Pratiques particulières et intérieures
pour ceux qui veulent devenir parfaits
.

  1. Outre les pratiques extérieures qu’on vient de rapporter, lesquelles il ne faut pas omettre par négligence ni mépris, autant que l’état et condition de chacun le permet, voici des  pratiques intérieures bien sanctifiantes pour ceux que le  Saint-Esprit appelle à une haute perfection.  C’est en quatre mots, de faire toutes ses actions PAR  MARIE, AVEC MARIE, EN MARIE et POUR MARIE, afin de les faire plus parfaitement par Jésus-Christ, avec Jésus-Christ, en Jésus et pour Jésus.

[Faire toutes ses actions par Marie]

  1. 1- Il faut faire ses actions par Marie, c’est-à-dire qu’il faut qu’ils obéissent en toutes choses à la Très Sainte Vierge, et qu’ils se conduisent en toutes choses par son esprit, qui est le Saint-Esprit de Dieu. Ceux qui sont  conduits de l’esprit de Dieu sont enfants de Dieu: Qui spiritu  Dei aguntur, ii sunt filii Dei. Ceux qui sont conduits par  l’esprit de Marie sont enfants de Marie, et, par conséquent,  enfants de Dieu, comme nous avons montré, et parmi tant de  dévots à la Sainte Vierge, il n’y a de vrais et fidèles dévots  que ceux qui se conduisent par son esprit.
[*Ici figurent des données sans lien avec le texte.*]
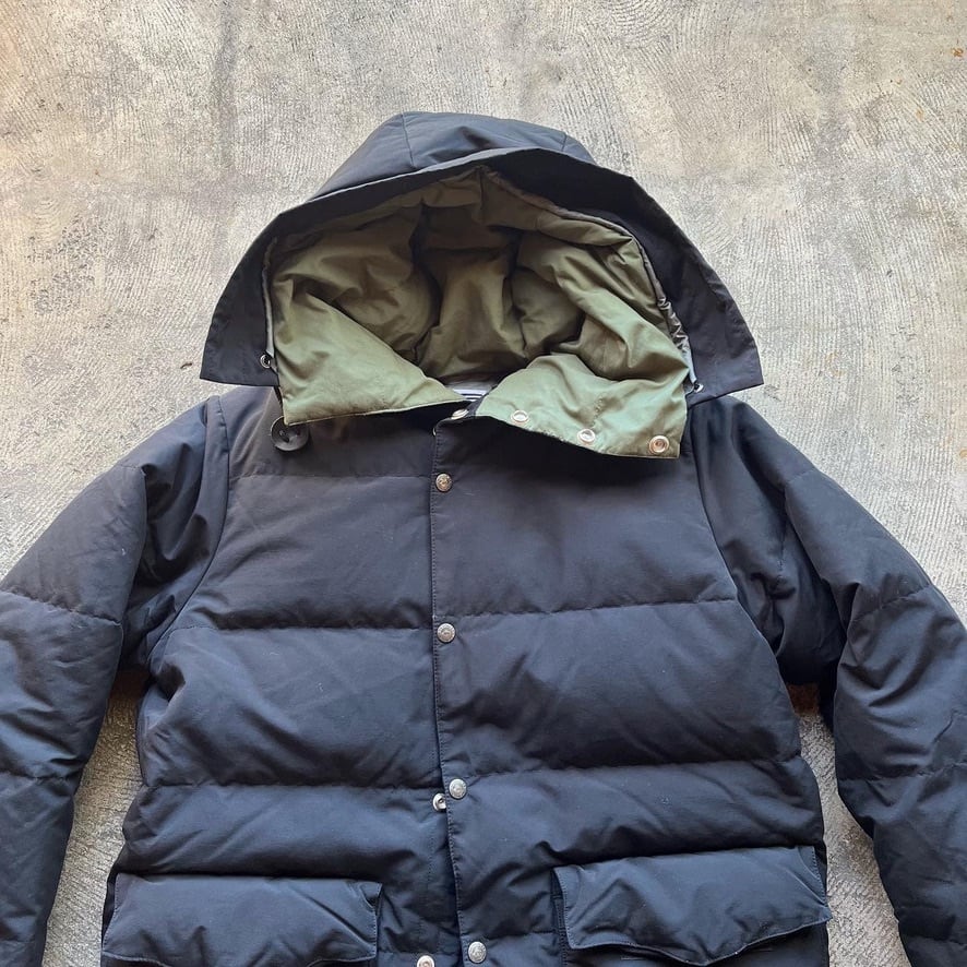 使い込むほどに体に馴染み、深い味わいが出てくる綿とナイロンの混紡素材、通称ロクヨンクロスを使用。裏地には滑りの良いポリエステルを用いたダウンジャケットです。クラシカルなディテールで仕上げたシンプルなシルエットで、スタイリングのしやすい一品。ゆとりのあるサイズ感は厚手のインナーにも対応。タウンユースからビジネスシーンまで幅広く活用できます。
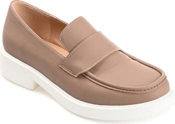 Resting on a white platform sole, this slip-on loafer features exposed seams and a penny strap from timeless style.
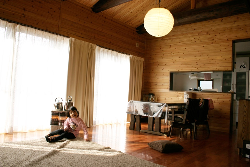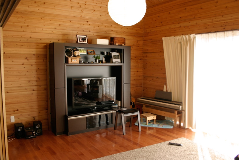 造りとしても 広いリビングそして高い天井 壁と天井一面の本物のスギ板
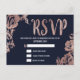 Navy Blue and Rose Gold Floral RSVP Invitation Postcard
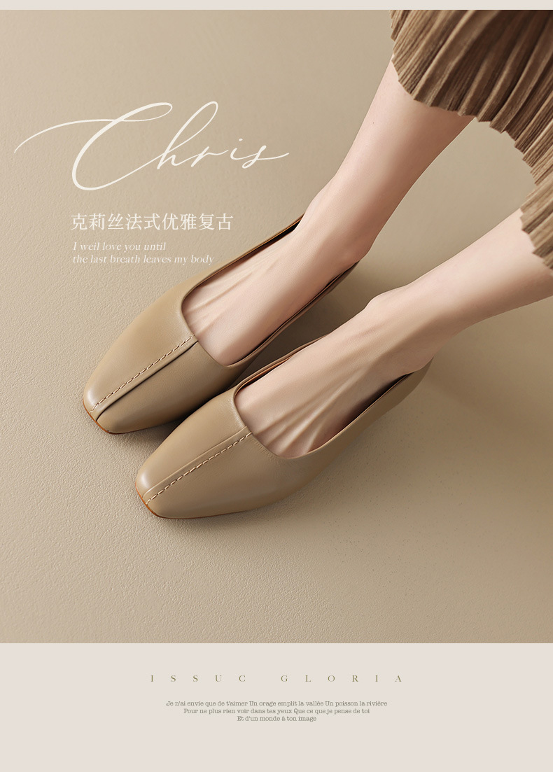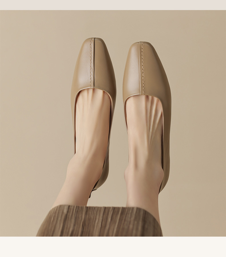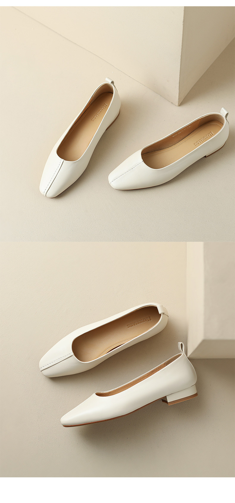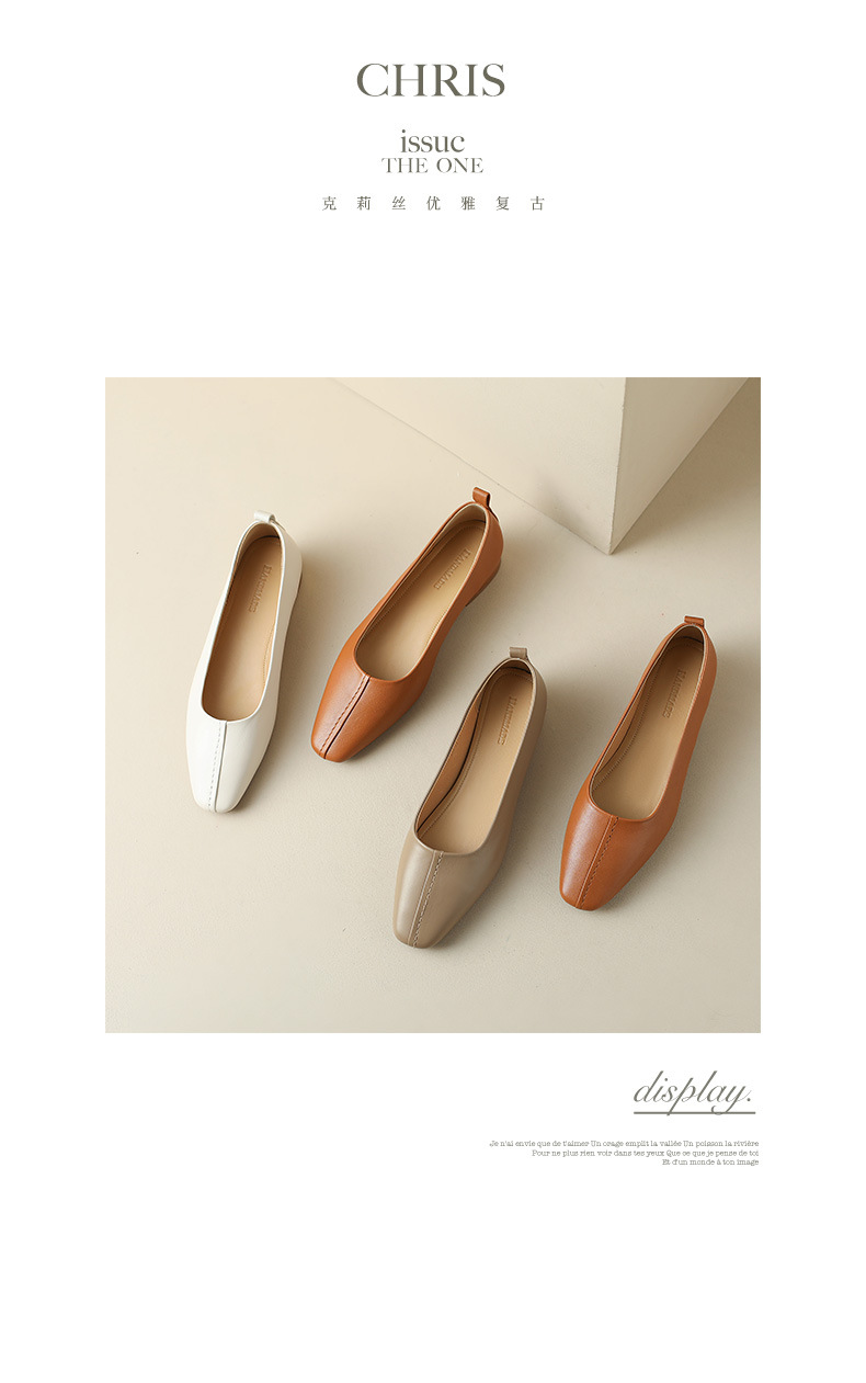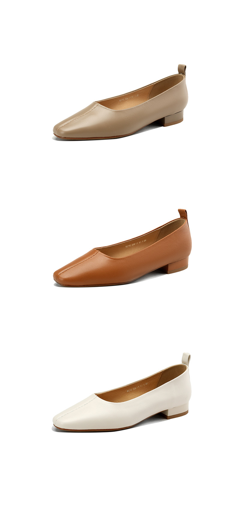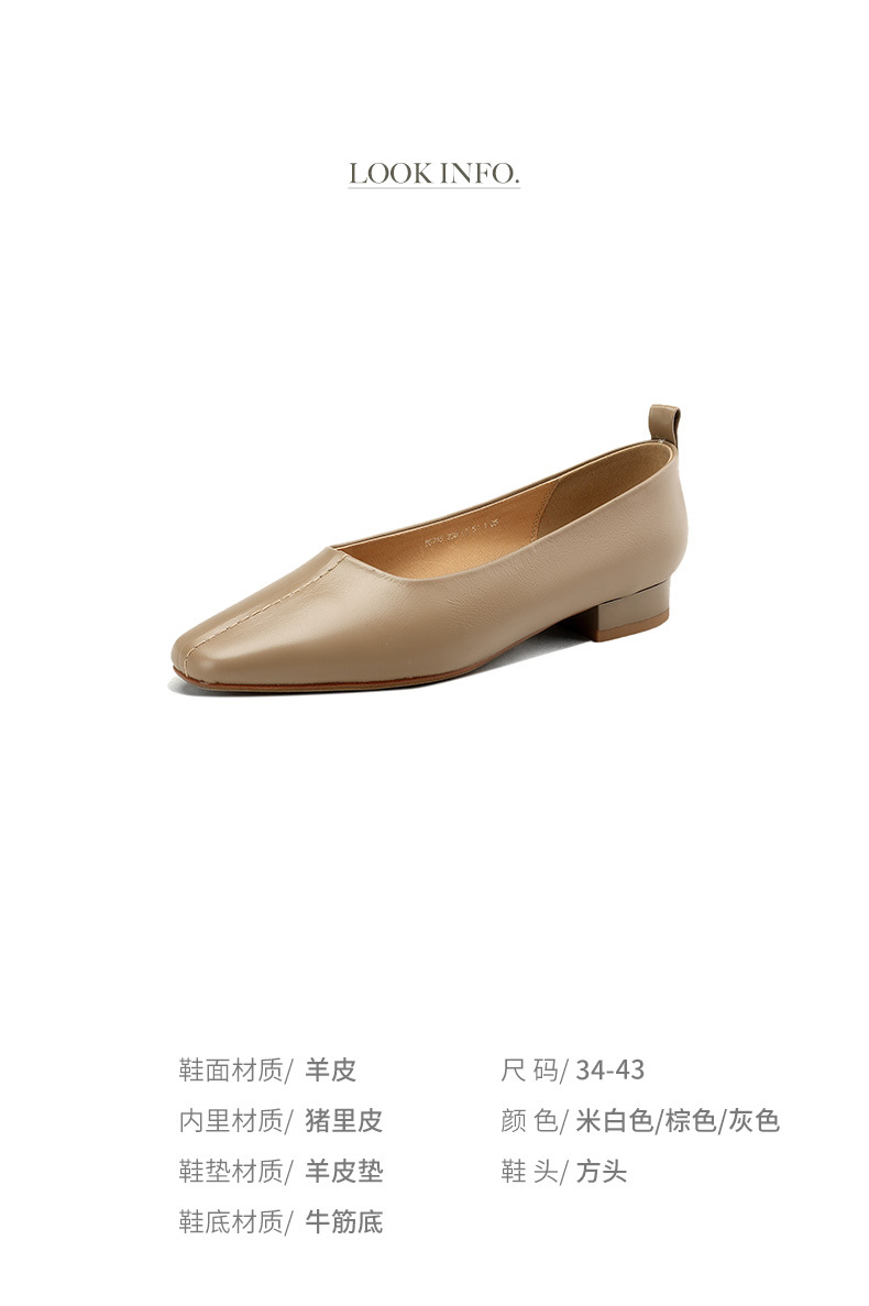 低跟米白色方头玛丽珍鞋,焦糖色平底鞋女软底浅口单鞋OFSM-6715
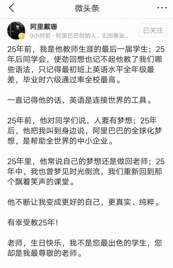 往后十多年,戴珊担任了阿里巴巴销售、市场推广、首席人才官、用户界面部门多个管理层职位,熟悉了公司各部门的业务运作。在员工眼中性情温的戴珊曾对媒体表示,“公司让我做销售我就做销售,让我做客服我就做客服,我不会想太多,就愿意乐呵呵地做。”
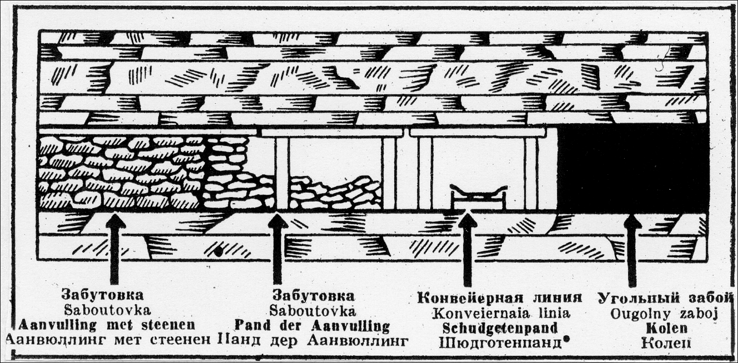 Als we moesten beginnen hadden we tussen de transportriem en de kool nog geen twintig centimeter om te staan. En het was soms zo laag dat we op ons knieën moesten gaan zitten. We werkten altijd op dezelfde plaats. Daarom haalden we na de post nog wat kolen uit, zodat we ons twee voeten konden zetten. Dan was het de volgende dag gemakkelijker om te beginnen. Wie tegen de riem zat als hij aan de kool begon, had tien keer meer werk.
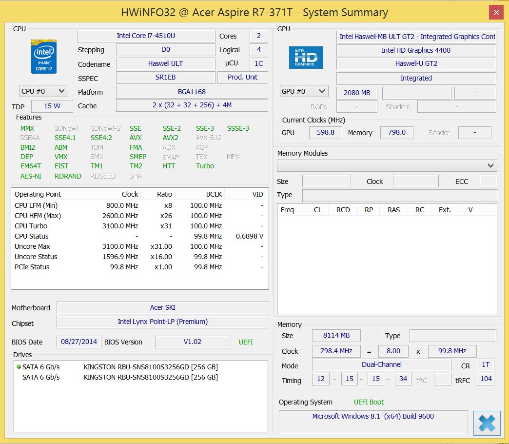 Wo hochwertige Convertibles mit abnehmbarem Display-Teil meist schlechter abschneiden, kann das Acer dagegen viele Punkte gut machen. Aufgrund der Tatsache, dass der Prozessor und die restlichen Komponenten nicht hinter dem Display, sondern in der Base-Unit verbaut werden konnten, muss nicht auf äußerst sparsame Prozessoren zurückgegriffen werden. Dem Preis entsprechend setzt Acer mit dem Core i7-4510U gleich auf ein Top-Modell der ULV-Baureihe von Intel. Sony genehmigt dem 13A multi-flip hier lediglich einen i5, wobei Lenovo auf Intels brandneue Core-M Plattform vertraut. Für die Grafikausgabe im Acer zeigt sich die im Prozessor integrierte Intel HD Graphics 4400 mit 20 Execution Units (EUs) verantwortlich. Zusammen mit den satten 8 GB an Arbeitsspeicher und den zwei im RAID-0 verbundenen 256 GB SSDs, sollte sich ein performantes Gerät ergeben. Und ja: das Convertible arbeitet im Windows Betrieb stets flüssig und leise, auch rechenintensivere Aufgaben sind kein Problem.

J’ai dit que  l’esprit de Marie était l’esprit de Dieu, parce qu’elle ne  s’est jamais conduite par son propre esprit, mais toujours par  l’esprit de Dieu, qui s’en est tellement rendu le maître qu’il  est devenu son propre esprit. C’est pourquoi saint Ambroise  dit: Sit in singulis, etc.: Que l’âme de Marie soit en chacun  pour glorifier le Seigneur; que l’esprit de Marie soit en  chacun pour se réjouir en Dieu. Qu’une âme est heureuse quand, à l’exemple d’un bon frère Jésuite, nommé Rodriguez, mort en odeur de sainteté, elle est toute possédée et gouvernée par l’esprit de Marie, qui est un esprit doux et fort, zélé et prudent, humble et courageux, pur et fécond!
  2. Afin que l’âme se laisse conduire par cet esprit de Marie, il faut:

1- Renoncer à son propre esprit, à ses propres  lumières et volontés avant de faire quelque chose: par  exemple, avant de faire oraison, dire ou entendre la sainte  Messe, communier, etc.; parce que les ténèbres de notre propre esprit et la malice de notre propre volonté et opération, si nous les suivons, quoiqu’elles nous paraissent bonnes, mettraient obstacle à l’esprit de Marie.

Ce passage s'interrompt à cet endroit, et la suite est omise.